Hewlett-Packard says that its NetServer LXr 8500 Profusion box will be available in late summer as well, and will have 32Gb of main memory available by mid-winter. (Presumably HP’s competitors will have 32Gb available as well by about then.) The LXr 8500 will have essentially the same fault tolerant and hot swapping features that IBM and Compaq are promising. HP says that a base machine with one 550MHz Pentium III Xeon processor, 1Mb of L2 cache and 256Mb of main memory will cost $23,600. An LXr 8500 with one processor, 2Mb of cache and 256Mb of memory will sell for $26,300.

Data General Aviion

For the moment, Data General seems content that its current line of DG/UX servers are competitive with other Unix alternatives and its own and others’ Windows NT servers. The Aviion Unix server line at DG includes the four-way Pentium III AV 3700 and AV 3700R departmental servers as well as the AV 25000, a 32-way Pentium III NUMA cluster server that can run either DG/UX or DG/UX with Windows NT partitions (64-way configurations of the AV 25000 are expected during the second half of the year). The AV 25000s have 2Gb of L2 cache per processor, 64Gb of main memory and up to 100Tb of disk capacity, considerably more scalability than will be available with Profusion boxes from DG or anyone else for that matter.
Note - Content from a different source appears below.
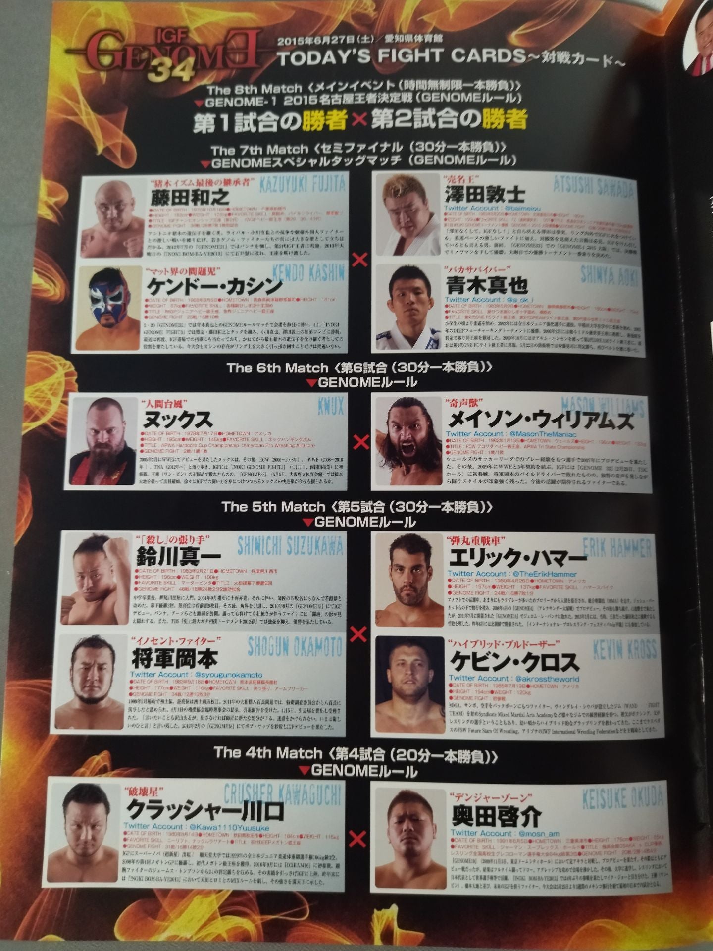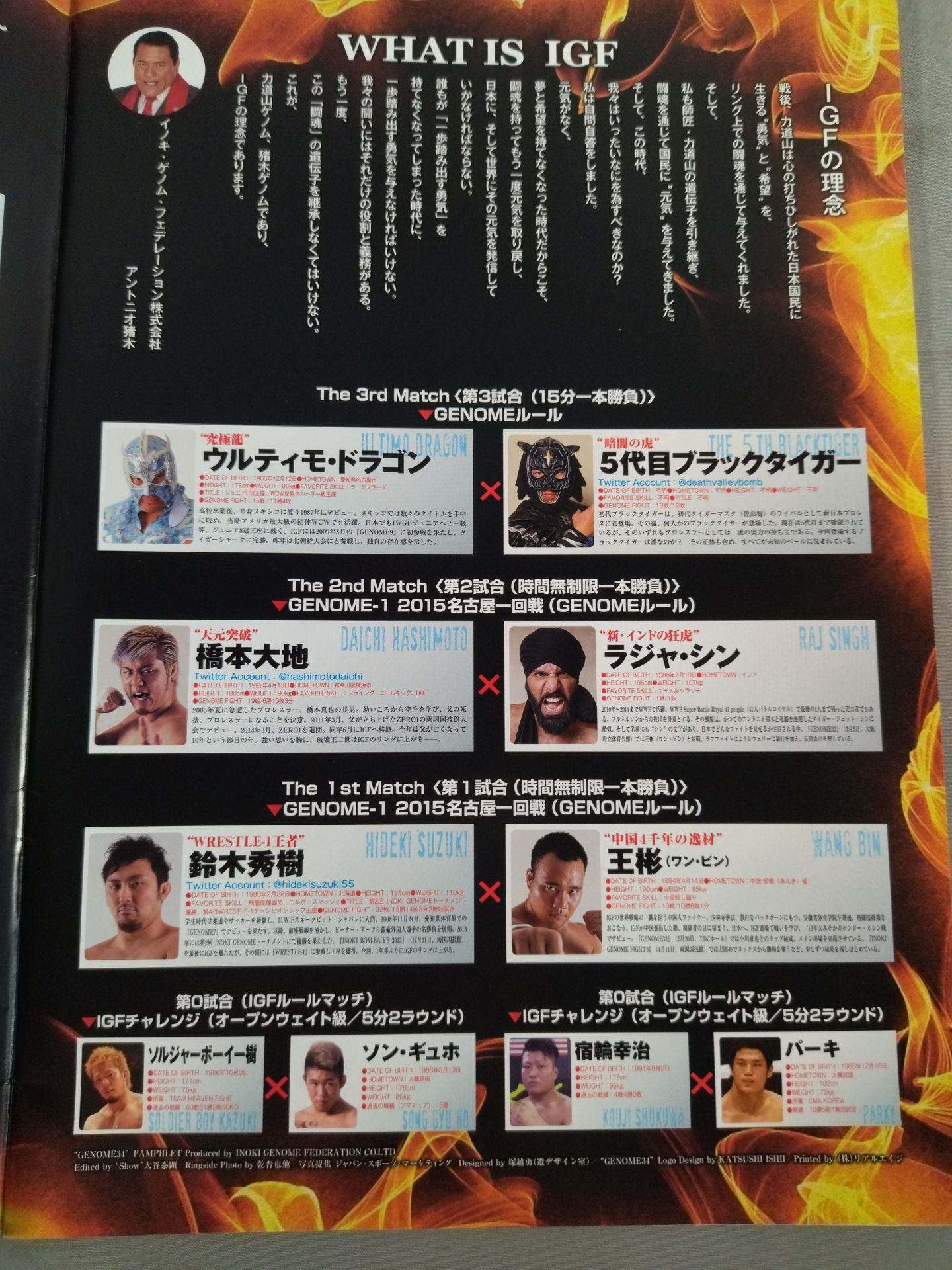 2015年 会場:愛知県体育館 / 印刷対戦カード:【GENOME-1 2015 名古屋王者決定戦】第1試合の勝者(鈴木秀樹)vs第2試合の勝者(橋本大地) アントニオ猪木インタビュー掲載
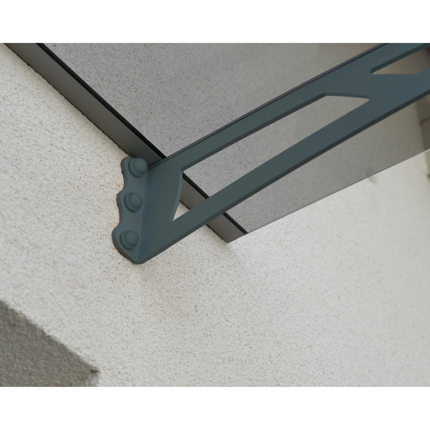 An integrated front gutter directs rainwater off to the sides. When mounting the awning on lap siding or anchoring to wall studs, an Aquila 2050 siding kit, (sold separately), is recommended.

Prices for the AV 25000s range from under $80,000 for a four-way machine with 512Mb of memory to $512,000 for a 16-way box with 2Gb of memory to $3.2 million for a 64-way server with 8Gb of memory and 1Tb of disk. NT partitions for the AV 25000 cost around $17,000 per four-way partition. The company’s AV 8900 Profusion server, announced last week, will run Windows NT only (although there probably is no practical reason why it couldn’t run SCO UnixWare, like other DG servers can). The DG Profusion box will come with two to eight processors, 2Gb of L2 cache per processor, up to 16Gb of memory and a base street price in the $20,000 range.

Hitachi VisionBase

Meanwhile, Hitachi is making hay from Intel’s delay. It claims to have sold more than 200 of its VisionBase 8880R eight-ways since they began shipping in the US a few weeks ago. They have been available in Japan since last October. Hitachi took a license to the Corollary work before that company was bought by Intel and has done its own Profusion implementation. Hitachi has brought some of its mainframe clustering and systems management services technology over to the 8880R, but isn’t extending Microsoft Cluster Server beyond support for two nodes like IBM is doing with Cornhusker. Sun Solaris and SCO UnixWare are certified on all Hitachi Intel servers and VA Research is poised to begin reselling 8880Rs fitted with its Linux distribution.